▶ DATA FOR REVIEW:

::::

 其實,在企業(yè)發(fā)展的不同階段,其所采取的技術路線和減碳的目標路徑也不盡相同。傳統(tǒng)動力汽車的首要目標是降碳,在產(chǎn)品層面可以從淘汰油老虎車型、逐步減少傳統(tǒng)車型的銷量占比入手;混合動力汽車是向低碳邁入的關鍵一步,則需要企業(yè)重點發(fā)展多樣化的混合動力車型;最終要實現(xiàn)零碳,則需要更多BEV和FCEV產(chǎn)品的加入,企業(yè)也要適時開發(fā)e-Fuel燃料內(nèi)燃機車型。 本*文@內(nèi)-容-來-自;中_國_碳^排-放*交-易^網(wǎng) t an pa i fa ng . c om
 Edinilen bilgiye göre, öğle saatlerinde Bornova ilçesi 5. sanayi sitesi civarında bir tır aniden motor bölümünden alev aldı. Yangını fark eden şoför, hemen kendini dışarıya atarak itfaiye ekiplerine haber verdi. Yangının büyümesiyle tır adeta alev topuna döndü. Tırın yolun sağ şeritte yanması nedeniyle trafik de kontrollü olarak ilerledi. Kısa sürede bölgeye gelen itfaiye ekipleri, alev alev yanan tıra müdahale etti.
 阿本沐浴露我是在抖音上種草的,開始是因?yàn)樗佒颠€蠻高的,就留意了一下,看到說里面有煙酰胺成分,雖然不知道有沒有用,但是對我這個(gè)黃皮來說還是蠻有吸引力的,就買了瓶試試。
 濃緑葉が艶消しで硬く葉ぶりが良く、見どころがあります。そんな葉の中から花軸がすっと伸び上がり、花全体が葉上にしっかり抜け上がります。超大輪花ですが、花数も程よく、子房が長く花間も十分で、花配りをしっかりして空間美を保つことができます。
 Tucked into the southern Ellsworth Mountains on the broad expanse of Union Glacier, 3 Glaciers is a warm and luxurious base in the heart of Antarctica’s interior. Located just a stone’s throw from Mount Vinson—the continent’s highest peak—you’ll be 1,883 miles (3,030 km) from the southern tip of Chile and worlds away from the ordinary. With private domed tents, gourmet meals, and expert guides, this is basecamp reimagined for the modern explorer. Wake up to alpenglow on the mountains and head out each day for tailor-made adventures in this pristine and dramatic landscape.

::::

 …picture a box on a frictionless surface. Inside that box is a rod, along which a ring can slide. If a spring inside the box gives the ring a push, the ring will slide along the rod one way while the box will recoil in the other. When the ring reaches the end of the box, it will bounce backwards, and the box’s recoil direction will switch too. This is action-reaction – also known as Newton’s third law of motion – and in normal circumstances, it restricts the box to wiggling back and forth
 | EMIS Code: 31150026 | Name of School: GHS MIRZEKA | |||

::::

▶ INSTRUCTIONS TO FOLLOW: An exact copy of the lines above, from the one containing "Edinilen bilgiye göre, öğle" down to the one containing "濃緑葉が艶消しで硬く葉ぶりが" and including both, is the whole answer; retype it and nothing else.

▶ SOLUTION:
 Edinilen bilgiye göre, öğle saatlerinde Bornova ilçesi 5. sanayi sitesi civarında bir tır aniden motor bölümünden alev aldı. Yangını fark eden şoför, hemen kendini dışarıya atarak itfaiye ekiplerine haber verdi. Yangının büyümesiyle tır adeta alev topuna döndü. Tırın yolun sağ şeritte yanması nedeniyle trafik de kontrollü olarak ilerledi. Kısa sürede bölgeye gelen itfaiye ekipleri, alev alev yanan tıra müdahale etti.
 阿本沐浴露我是在抖音上種草的,開始是因?yàn)樗佒颠€蠻高的,就留意了一下,看到說里面有煙酰胺成分,雖然不知道有沒有用,但是對我這個(gè)黃皮來說還是蠻有吸引力的,就買了瓶試試。
 濃緑葉が艶消しで硬く葉ぶりが良く、見どころがあります。そんな葉の中から花軸がすっと伸び上がり、花全体が葉上にしっかり抜け上がります。超大輪花ですが、花数も程よく、子房が長く花間も十分で、花配りをしっかりして空間美を保つことができます。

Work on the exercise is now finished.